Re:アンダンテ
『あなたたち、すっごくよかったけど惜しかったわねぇ。また写真撮らせてね!』
「そりゃあ……初バトルだったら負けるよねぇ……」
クロワはどんよりとしながらジムを出た。早くデデンネをポケモンセンターなる場所に連れて行ってやらなければ。そう思った時だった。
「……お前、負けたのか?」
「え!?」
見ると漆黒の髪とスーツを着た赤目の少年がそこにいた。目つきが鋭く大変近寄り固いオーラを放っている。
「えと……よくわかりましたね」
「ジムから落ち込んで出てくる奴なんてそれしかないだろ」
「う……」
「お前、デデンネしか持ってないのか。デデンネでもここのジムリーダーのポケモンは弱点をつけるがヤヤコマ辺りをゲットしておくと安定するかもな」
言い方はぶっきらぼうだがよくよく言葉を聞くと……。
「アドバイスしてくれてます?」
「お前がそう思うならそうかもな」
やはり口調から感じる印象は大分怖い。
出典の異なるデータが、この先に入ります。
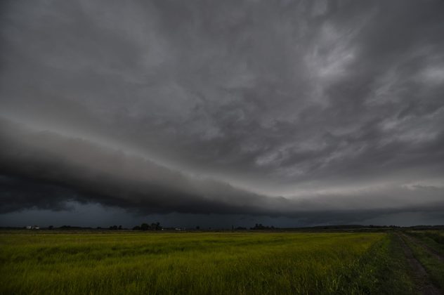 Sötét szürke felhőfal jellemzi a horizonton, és olyan, mint egy közeledő szökőár az égen – dinamikus, gyors, hatalmas.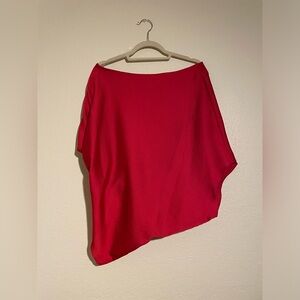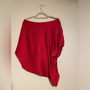 Flowy true red top, I added an online picture to get a better view of the look, true to size but it’s flowy enough to wear it if you need a large, never worn, has elastic waist band, you can technically wear it on either shoulder.

しかし悪い人じゃない、と思う。
「あの、ありがとうございます!」
「ん」
「お名前をお聞きしてもいいですか?」
「……変わった奴だな。ジルコニア」
「じゃあジル君、ですね」
「略すのかよ」
「へへ、じゃあ私ヤヤコマを探してきますね、たまにミアレでも見かけるので知っているので……」
「ん」
クロワが去った後、ジルコニアのホロキャスターに通信が入った。
「……なんだ、自由にできる時間はないのか?」
『……か?』
「わかったよ。いつものセンスの悪いカフェだな」
『…だろう』
「どうだかね。計画って破綻するものだし」
ホロキャスターの通話を終え、ジルコニアはさっきの桃色髪の少女が去って行った先を見た。
「頑張っても無駄かもよ」
★★★
「ヤヤコマって森では出ないのかな」
ハクダンの森であちこちを探しているが、ヤヤコマはいない。上からキャタピーが落ちてきた時は叫んでしまった。
「デ」
「デデンネ?」
ポケモンセンターで全快したデデンネは暫くクロワの腕に体を預けていたが、痺れを切らしたように飛び出すと樹の上へ電撃を放った。羽音とポケモンが落ちてくる。
「あ、ヤヤコマ……あ、コフキムシまで」
電撃で痺れた二匹は無防備な姿を見せている。クロワとデデンネは顔を見合わせる。
「二匹とも捕まえちゃおう!」
「デネー!」
★★★
再び、ハクダンシティ。
ジルコニアはもう街を出て行ってしまったようだ。残念である。
「でも次は負けないんだから!」
「デネ!」
★★★
「随分早い再戦じゃない、ちゃんとポケモン育ててきた?」
「悪戯にポケモンを増やした訳じゃありません! 行けるところまで行きます!」
「あらそういうのすっごくいいんじゃないの! じゃあ撮影、いや、バトル開始!!」
ヤヤコマの『つばさでうつ』がビビヨンにヒットする。一瞬もんどり打って地面に落ちたビビヨンは目を回してしまった。
「か、勝った……?」
「そうよ! あなたたちすっごく輝いてた! 初めてのジムバッジと記念撮影させてね!!」
そうして受け取ったのはバグバッジ、虫のようなフォルムに二つの石がハマったキラキラとしたバッジ。
「これが……ジムバッジ」
クロワはそのバッジの美しさになにも言えなくなった。綺麗。頑張ってもらったポケモンとの絆。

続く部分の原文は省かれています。